Sudoku puzzles as optimization problems

Sudoku is a puzzle where the player assigns digits to squares (see Wikipedia for a complete description). The puzzle can be formulated as a mathematical optimization problem and solved in a few milliseconds on a decent laptop. We will show how to transform Sudoku to an optimization problem by incorporating appropriate constraints and optimizing a constant objective function.

While Sudoku is an innocent past-time activity, many real world business problems can also be formulated as optimization problems: budgeting, production planning, staff scheduling, transportation, facility location and supply chain problems, to name a few. Proper use of optimization and mathematical modeling can lead to large savings in many business problems. It’s unfortunate when hours or days of human labor is spent attempting to solve problems where an optimization solver could’ve found an optimal solution in seconds or minutes.

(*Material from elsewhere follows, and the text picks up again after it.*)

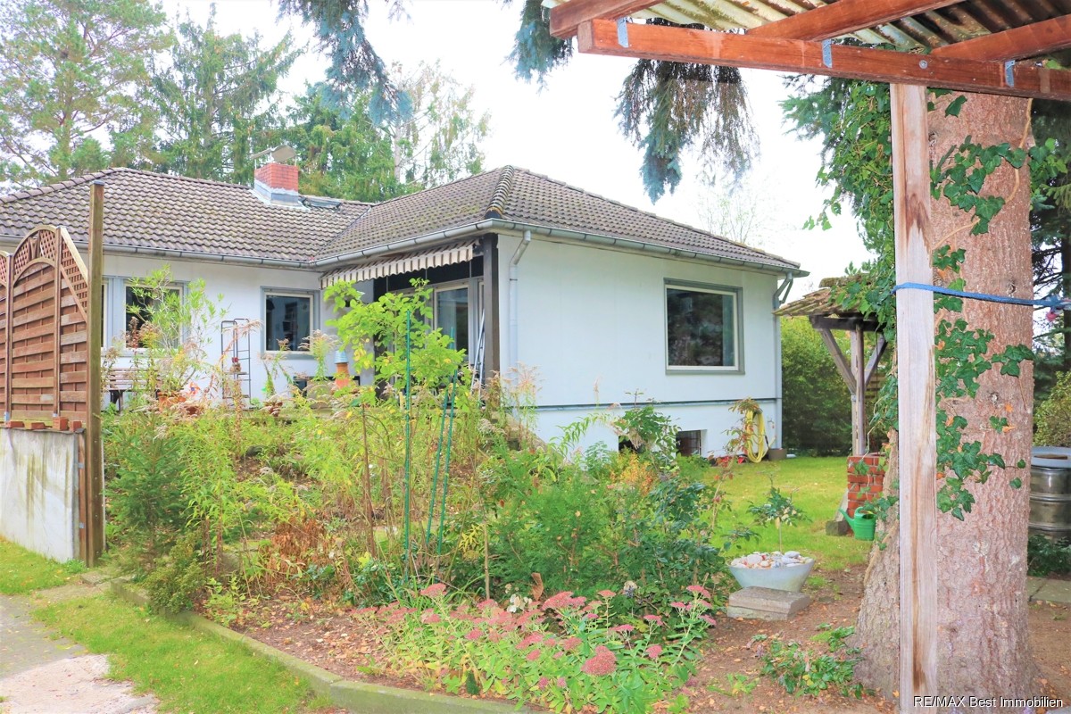 Das hier angebotene Grundstück ist mit einem Winkelbungalow (Okal-Fertigteilhaus) aus dem Jahr 1974 bebaut und allein durch die Lage und die Größe des Grundstücks für eine größere oder mehrere Familien wunderbar geeignet.Das Haus kann modernisiert/saniert, aufgestockt oder abgerissen werden. Im Zuge der Sanierung ist eine Aufstockung mit einem ausgebauten Dachgeschoss möglich. Pläne der Firma Okal liegen uns vor. Diese müssten noch mit der örtlichen Baubehörde abgestimmt werden! Somit könnten Sie z.B. Platz für eine Einliegerwohnung schaffen.

Today I picked up the Norwegian newspaper VG and found some variations on the classical Sudoku puzzle that I haven’t seen before – let’s solve them using optimization!

Table of contents

Inequality Sudoku

This is a straightforward variant of classical Sudoku. In this puzzle the board is smaller and instead of constraints on \(3 \times 3\) sub-squares, we are given inequality constraints on some entries. The Norwegian text roughly reads:

On the finished board, every row and column must contain all numbers from 1 to 7 exactly once. The inequalities must be obeyed by the solution.

This is more or less a freebie, since the standard Mixed Integer Program (MIP) formulation consists of linear inequalities – and here we are given just that; some additional inequalities. To solve this problem, we introduce binary variables \(x_{ijk}\) defined by

\begin{align} x_{ijk}= \begin{cases} 1 \quad \text{ if digit } k \text{ is assigned to square } (i, j)\\ 0 \quad \text{ otherwise}. \end{cases} \end{align}

Without the inequality constraints, the MIP formulation is

\begin{align} & \text{minimize} && 0 \\ & \text{subject to} && \sum_{k} x_{ijk} = 1 && \forall \, (i, j) \\ & && \sum_{i} x_{ijk} = 1 && \forall \, (j, k) \\ & && \sum_{j} x_{ijk} = 1 && \forall \, (i, k) \\ & && x_{ijk} \in \{0, 1\} && \forall \, (i, j, k).\\ \end{align}

The mathematical notation is a bit terse. In English, the first constraint means that “only one digit can be placed in each square”, the second constraint states “each digit may only be placed once in every row” and the third signifies that “each digit may only be placed once in every column.” We minimize the constant \(0\) instead of a meaningful objective function; after all we are interested in any solution obeying the constraints.

To correctly model inequalities we note that the numeric value of entry \((i, j)\) is given by \(\sum_k k x_{ijk}\). We iterate through the set of inequalities given by the problem, parsing all of them as smaller-than inequalities \(a < b\) (with indices \((a_i, a_j)\) and \((b_i, b_j)\)), we add constraints

\begin{align} \sum_k k x_{a_i a_j k} + 1 \leq \sum_k k x_{b_i b_j k} \end{align}

for every \(a < b\) in the set of smaller-than inequalities. This constrains the solution to obey the inequalities. Most solvers use strict inequalities, hence the plus one in the equation above.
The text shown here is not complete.